Крик с вершины
Шрифт:
— Писать надо, писать… Хоть лопни!
В избушке уже убавили свет в лампе. Калап улегся на полу, спит. В одной майке. Под головой полено. Красивый все же парень Калап! Ему бы борцом или боксером быть — мускулы какие! Когда одетый и незаметно… Сакылта на кровати. Одетая. В любое время, если что случится, вскочит. Карапуз в люльке таращит глазенки, гундит. Скоро наверняка заплачет, заорет, батыр.
Тукпаш, тебе вон тут постелили, — негромко произносят с нар мать Калапа и показывает на кошму, подушку и шубу на полу.
Тукпаш глянул на будильник: десять минут одиннадцатого. Снял сапоги. Портянки развесил рядом с калаповыми. Лег. В жизни не было удобней постели! Неровности пола прилегли к усталой спине,
— Вставайте! Уже двенадцать. Как это я проснулся вовремя? Разбудить обещали, а сами… И будильник не завели.

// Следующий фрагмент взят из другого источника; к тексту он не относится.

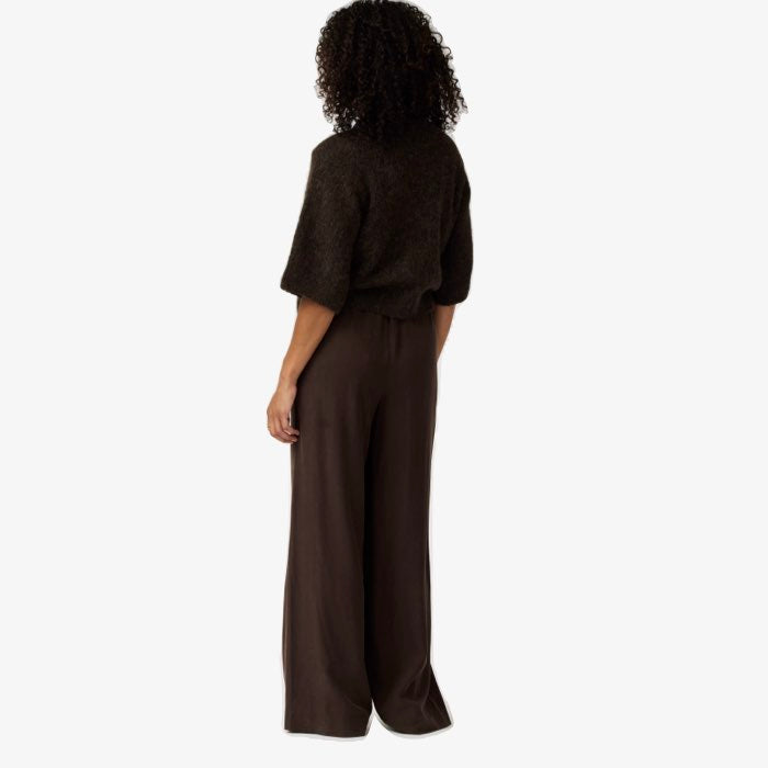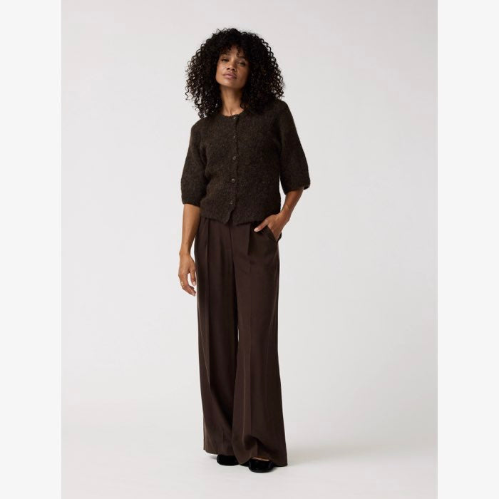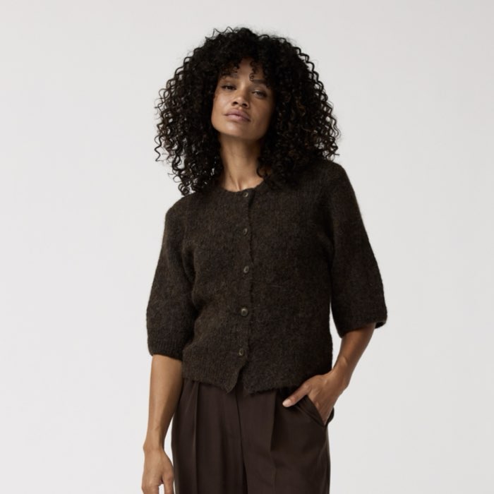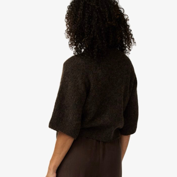 Donkerbruin, verfijnd en veelzijdig vestje voor alle seizoenen. Dankzij de zachte alpacawolmix voelt het luxueus en comfortabel aan, terwijl het kortere model met halflange mouwen zorgt voor een eigentijdse, vrouwelijke look.
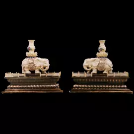 В композиции представлены два величественных слона, выполненных в паре. Парные фигуры в восточной символике всегда означают баланс и гармонию — соединение двух сил, находящихся в равновесии. Слоны изображены спокойными и уверенными, словно медленно движутся вперёд, неся на своих спинах драгоценные сосуды. Такие сосуды в китайской культуре символизируют накопленное благополучие, духовное богатство и процветание.

Кое-как Тукпаш разомкнул веки. С непривычки ломило все тело, будто накануне било его о камни в горном потоке. Только бы не закрыть глаза — снова свалит сон. А как будешь лежать, если напарник уже поднялся?

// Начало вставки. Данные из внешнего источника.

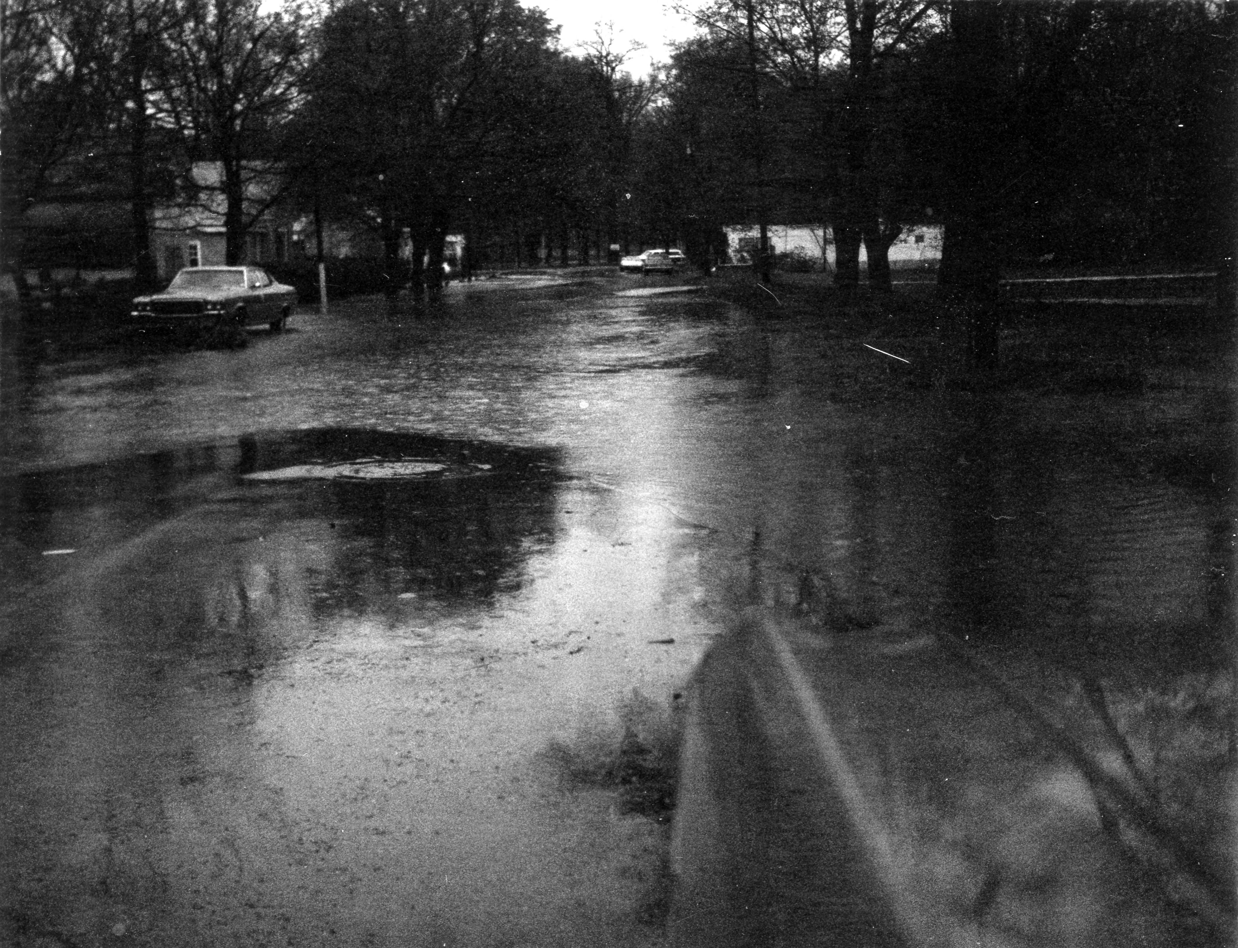 "Brewery St. looking south from Fredrick St. 4.47" rainfall. Water from Ricken Heirs Land" written on back of photo. Flooded roadway
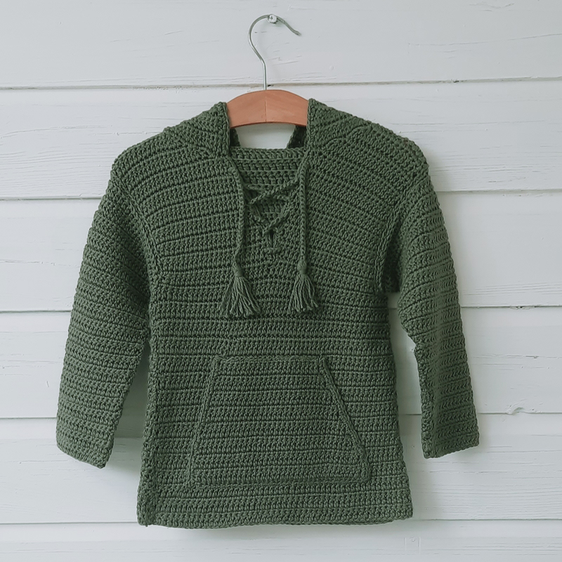 Collega Willeke heeft deze hoodie ontworpen en gehaakt. Het patroon is geschreven voor maat 86/92 en is geschikt voor zowel jongens als meisjes.

— Эх, жизнь… — проворчал Калап, надевая телогрейку поверх майки. — Как пить дать, еще не меньше пяти объягнились.
Вышли на улицу. От звезд в глазах зарябило. Земля подмерзла. Зашагали к загону, гремя подошвами сапог о гулкую землю и похрустывая разламывающимися льдинками;
— Надо голос издалека подать, — сказал Калап и закашлялся. — Тихо подойдем — овцы испугаются.
— Все же суровый край наш Алтай, — передернул плечами Тукпаш. — И для людей, и для скота.
Отодвинули щит у ворот, вошли в загон. Ближние овцы тяжело поднялись. Тукпаш не отрывал взгляда от светлого пятна, отбрасываемого фонариком.
— Ага! Есть один. — Калап поднял на руки ягненка, а Тукпаш стал ловить матку. — Дрожит, как лист на ветру. Давно, видать, родился. Даже поел… Ишь, пузцо какое тугое. Молодец! Таким и надо быть шустрым. — Он вытащил из кармана телогрейки разноцветные лоскутки. — Этого коричневым отметим. — Разорвал лоскут надвое, одну половинку привязал на шею ягненка, другую подал Тукпашу.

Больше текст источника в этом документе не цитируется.